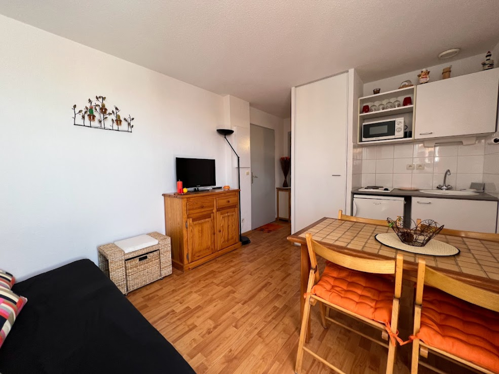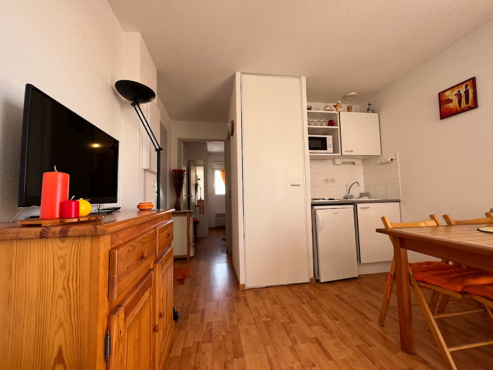 Dans une résidence située sur les hauts de St Pierre la Mer, appartement 2 pièces composé d'un séjour avec kitchenette, une chambre avec placards, salle d'eau et wc.
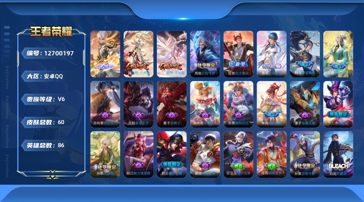 游戏区服:王者荣耀 / 安卓系统 / QQ账号
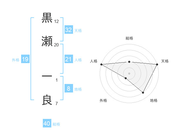 黒瀬 一良さんの天格は32画の5点!
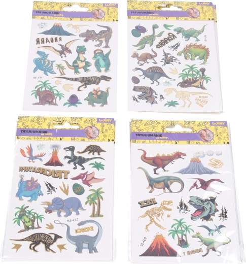 Amusants tatouages temporaires à motifs de dinosaures au format 10,5 × 15 cm, pour le plaisir des enfants comme des adultes. Application facile, couleurs vives et 4 variantes de motifs pour tous les goûts.
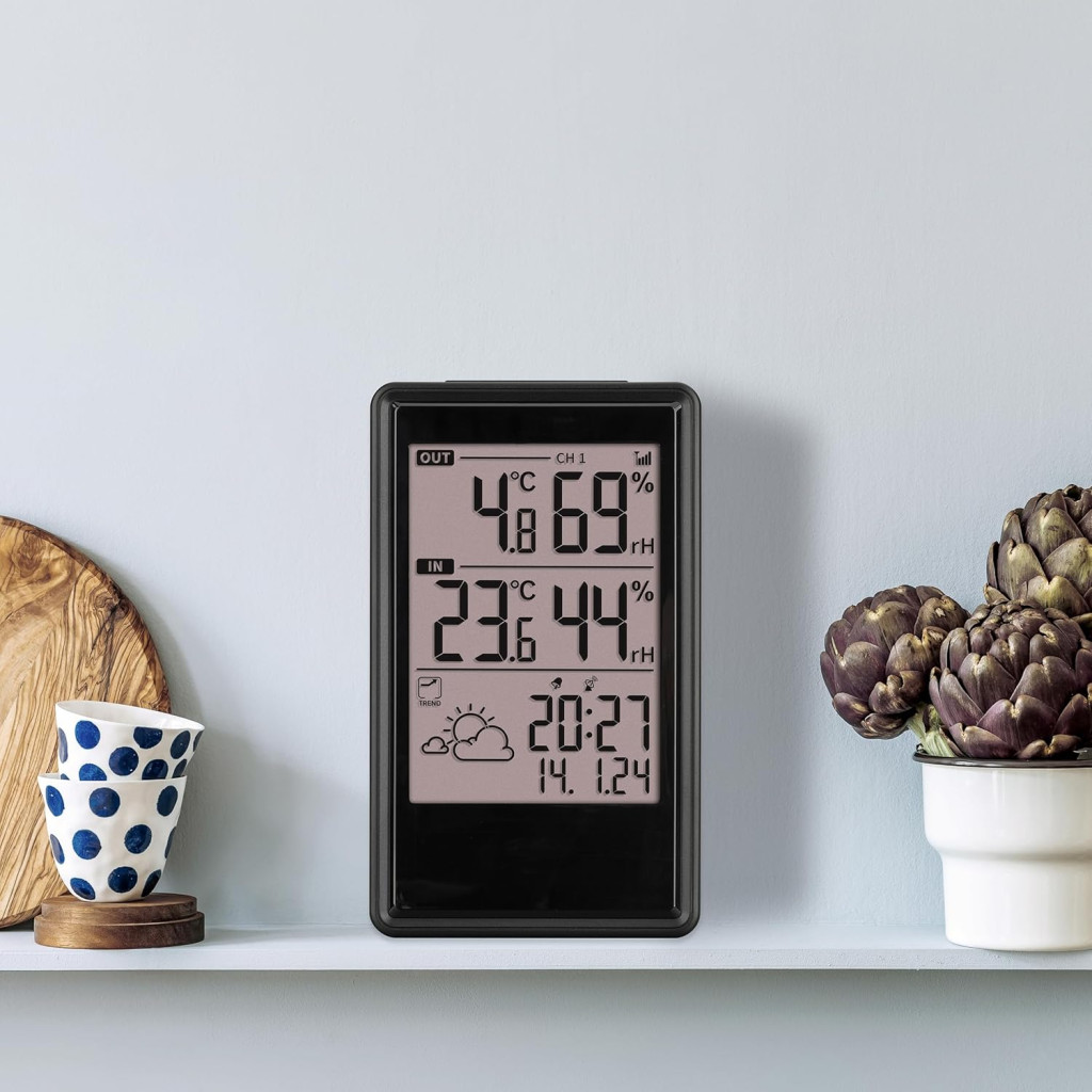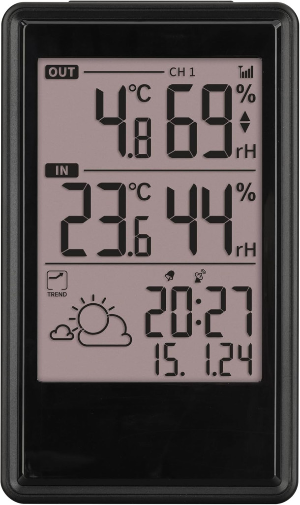 Bezdrôtová meteostanica TFA Dostmann ETNA je moderné a praktické riešenie pre tých, ktorí majú radi jednoduchosť a zameranie na to podstatné. Táto digitálna meteostanica prehľadne zobrazuje vonkajšiu a vnútornú teplotu a vlhkosť vzduchu, pričom poskytuje predpoveď počasia na 6 – 12 hodín pomocou symbolov a šípok trendu. Zariadenie funguje aj ako rádiom riadené hodiny s presným zobrazením dátumu a časového pásma, a disponuje vstavaným budíkom s funkciou odloženého budenia.
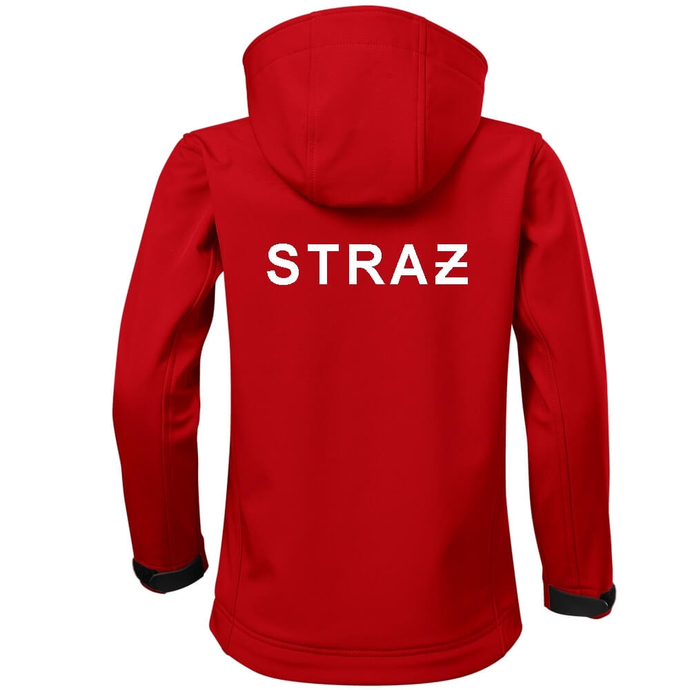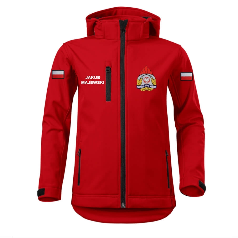 Dziecięca Czerwona Kurtka Strażacka Softshell Personalizacja Termotransfer DTF Membrana Kaptur
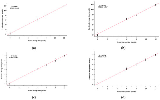 The storage times of the nutmeg samples were analyzed using BPNN, and the regression results are shown in Figure 6a–d. The BPNN model performed very effectively for predicting the storage time of nutmeg on the basis of the E-nose responses. The RMSE and R2 of the training set were 0.268 and 0.996, respectively; the results for the testing set were RMSE = 0.317 and R2 = 0.993. BPNN regression models were also set up to predict the storage time on the basis of the physicochemical indexes. As shown in Figure 6c,d, the RMSE and R2 of the training set were 0.842 and 0.956, respectively, and for the testing set, the results were RMSE = 0.924 and R2 = 0.954. The predicted results were inferior to when the E-nose responses were used.
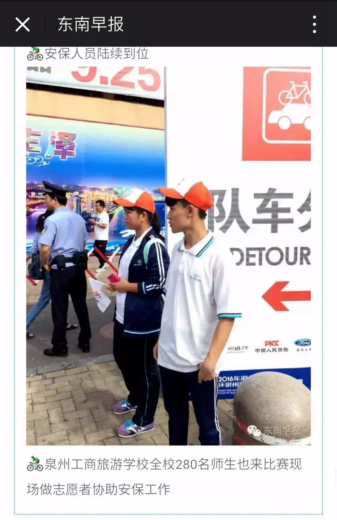 10月15日和16日,2016年海上丝绸之路环泉州湾国际公路自行车赛(以下简称环湾赛)分别进入第二个比赛日即环湾跨海赛段的争夺和最后一个赛段——城市绕圈赛段的比赛。泉州工商旅游学校280名师生志愿者奔赴赛事一线,为比赛“保驾护航”。

* _Work order_: In the answer, include exactly the lines from the top of the entries through the line containing "Amusants tatouages temporaires", and nothing else, not even the pictures.

* _Result for this task_:
 Dans une résidence située sur les hauts de St Pierre la Mer, appartement 2 pièces composé d'un séjour avec kitchenette, une chambre avec placards, salle d'eau et wc.
 游戏区服:王者荣耀 / 安卓系统 / QQ账号
 黒瀬 一良さんの天格は32画の5点!
 Amusants tatouages temporaires à motifs de dinosaures au format 10,5 × 15 cm, pour le plaisir des enfants comme des adultes. Application facile, couleurs vives et 4 variantes de motifs pour tous les goûts.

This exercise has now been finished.